As we start working on an Analytics Project, we tend to think about the algorithms we are going to use and hence, as a data scientist our focus never really shifts to the other very important attributes. Although knowledge about various algorithms available is going to be very useful in coming up with the solutions but the process of model building involves much more than just agorithms. We need to have data in the usable format and with correct set of features for the model to give useful results. Without proper business knowledge infused into the data preparation, the results out a model is most probably going to be just garbage. In fact, the data preprocessing takes up most of the time in a model building exercise. So, let’s list down the steps to be followed while executing a Machine Learning Project -
1. Defining Objective
The first step of any model building process has to be defining the objective. This will involve understanding how a business functions (domain knowledge is very crucial) and how it will use the data. It’s very critical to be on the same page with your stakeholders in terms of what is expected at the end of the project. It’s also important to get an understanding of how the results will be used for implementation as it might affect the approach taken during the exercise. Also, various departments within an organization might consume the results in a very different manner. Someone working on the field might want a very granular level insights while on the other hand someone like a CEO might just want info about Key Performance Indicators(KPIs). Overall, this step includes mapping out business objectives.
2. Transforming Business Objectives to Data Goals
Now that we have a clear understanding of what the business requirements are, we have to think about the data required for project execution. This step is often missed by the practitioners or is considered once the data is available from the clients end. This will lead to lost opportunity of giving valuable suggestions to your client for tracking additional data as once we have seen the data, it becomes difficult to think about all the possible factors from an open mind. For this, we should interview the subject matter experts from the client’s side as well as from our own organization. They will help us create hypothesis based on their domain knowledge. We will then use these hypothesis to come up with the set of data required. The list of hypothesis collated is also going to be helpful in the data exploration stage as we will have a direction to move into as we try to test them for their validity.
3. Data Gathering
Next, we start gathering data from various sources. This might require the help of a data engineer depending on the scale and complexity of the data. First, we need to identify all the sources from which we will obtain the data. Different data sources might be -
- Clients giving access to their database.
- Clients transferring data through flat files.
- External Sources - This might involve scrapping data from various websites.
Some social media platforms provide their own APIs (Application Program Interface) for accessing data. But the introduction of GDPR(General Data Protection Regulation) means one cannot access a user’s data without their consent. Appropriate changes have been made in the APIs accordingly.
4. Data Preprocessing / Exploratory Analysis
Once we have all the data from the required sources available to us at a single location, we transform it into usable form. Most of the times, raw data won’t be available in a format that can directly be used to generate insights and hence, their transformation is a necessary step. Next, we start exploring data for possible insights. Exploratory analysis can be split into three levels - Univariate Analysis, Bivariate Analysis and Multivariate Analysis. Univariate analysis involves looking for missing values and identifying the distribution of each variable independently. Missing values and outlier values are treated as per the requirement and business logic involved. In bivariate and multivariate analysis we try to look for relationship between two or more variables that might help us come up with certain variable transformations required (Most of the times we are looking for ways to create linear relationships). These steps also help us explore various features that might be created in order to solve the problem at hand. While this entire exercise goes on, we also have to test the hypothesis we designed earlier and verify them for their validity.

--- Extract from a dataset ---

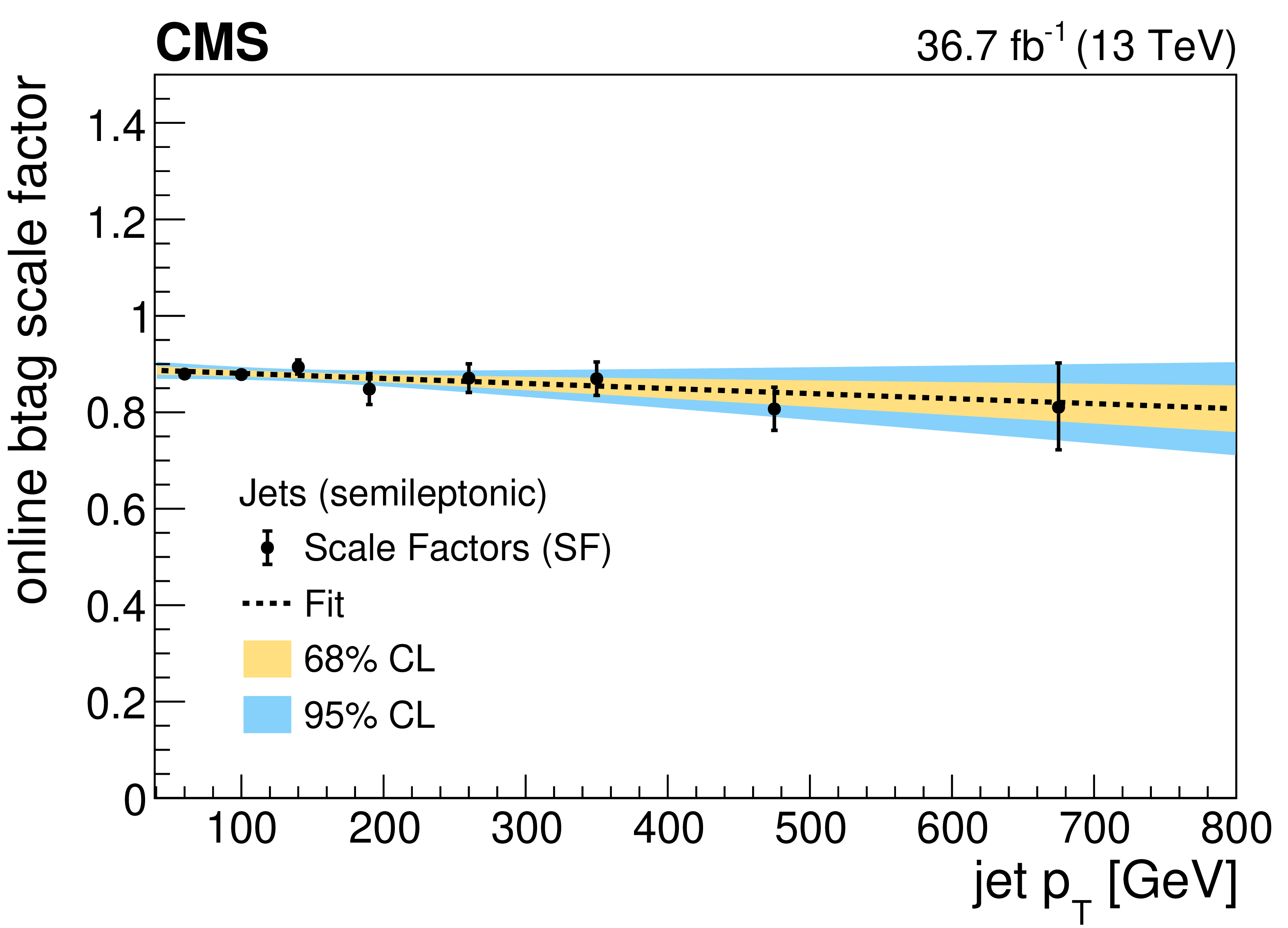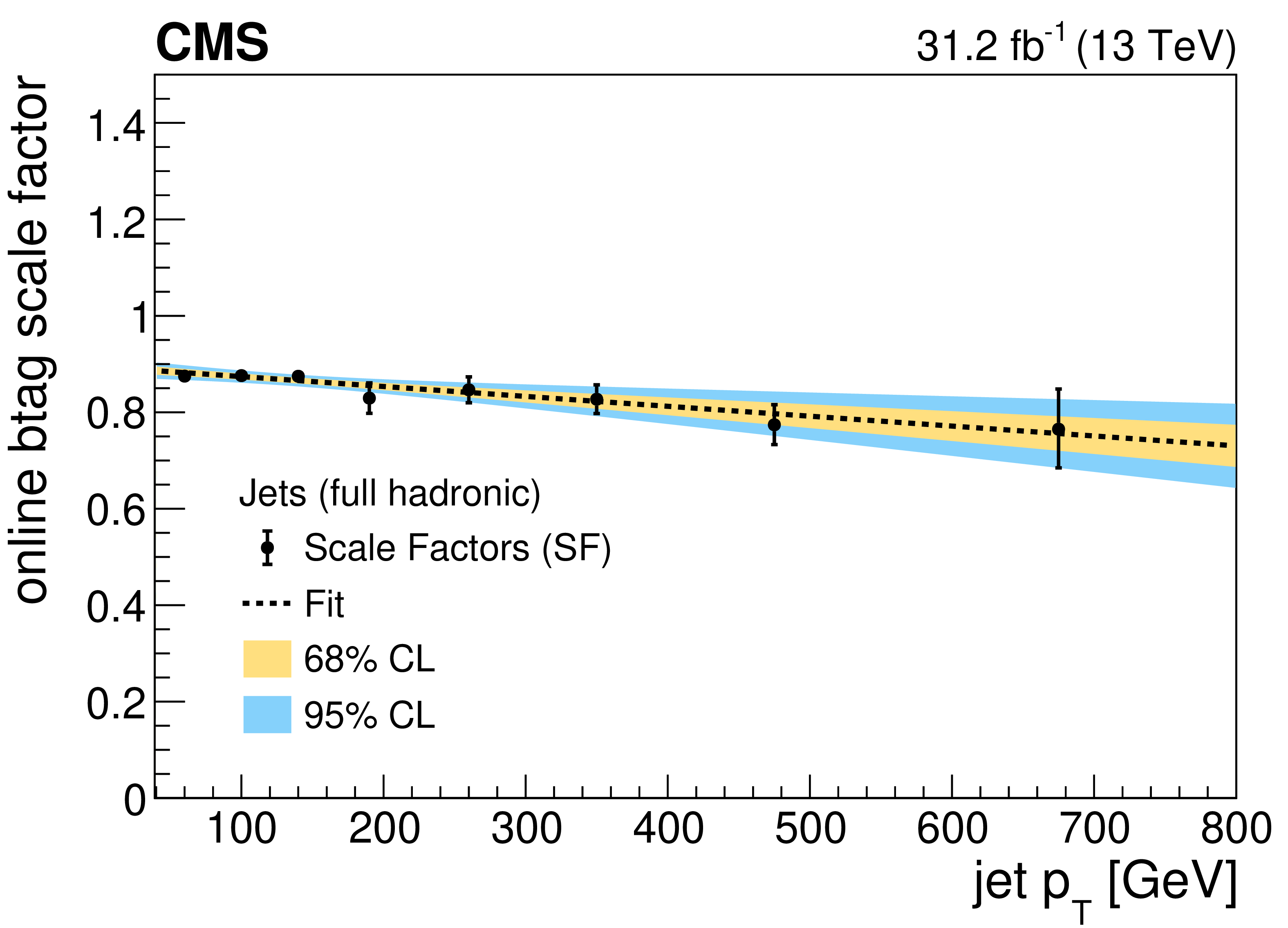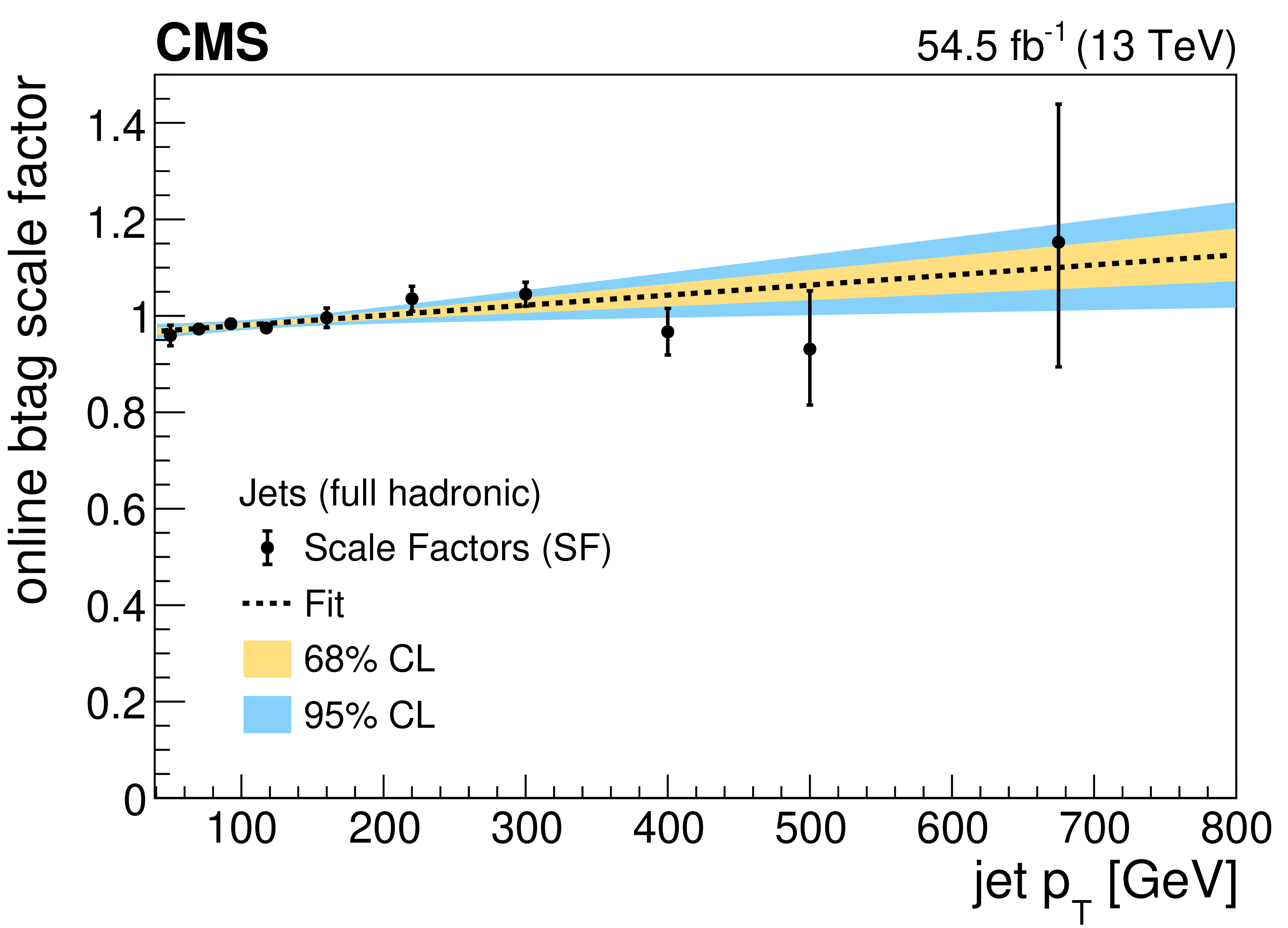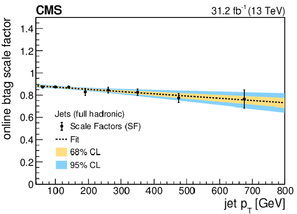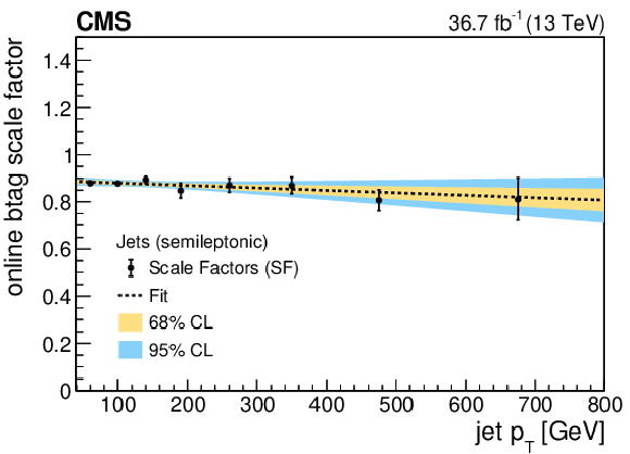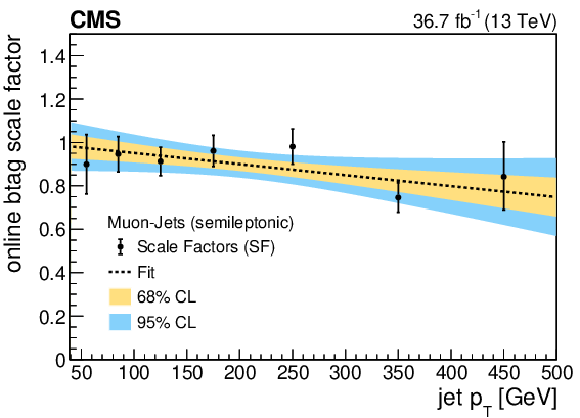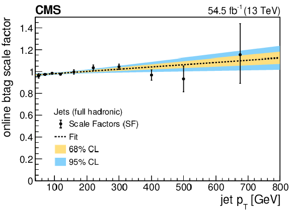 Online b tagging scale factors for b jets in the 2017 SL (upper left), 2017 FH (upper right) and 2018 FH (lower left) analyses, and for b jets with muons in the 2017 SL analysis (lower right). The results of linear fits are also shown, together with $ {\pm}1\sigma $ and $ {\pm}2\sigma $ uncertainty bands. |

5. Model Selection and Validation
Post Exploratory Analysis comes the time for using some algorithms. For this, we have to first split the data into 2 sets i.e. Train and Test. Train data (usually 70-80% of total) is used for developing the model while test data (ususally 20-30% of total) is used for verifying if the model holds good on unseen data. More often cross validation is considered a better way of testing this where we create multiple sets of train and test data and look for consistency in the results. This helps us in understanding the robustness and reliability of the model. In case the model does not yields desired results, we might try different algorithms or look for feature engineering and create new variables in order to improve model performance. Ensemble Methods are also a great way of improving model performance.
6. Model Deployment and Maintenance
Now that we have our model tested and ready to be in action, we need to deploy it. By deployment, we mean transferring the analytical results into effective decision making. This might be done through Business Intelligence Reports or we might need to integrate the model with clients decision making applications. Post this, we observe the model results on field testing and referesh the model at regular time intervals if required. We might also need to rebuild the model after certain time period if the model results deteriorates beyond acceptable limits.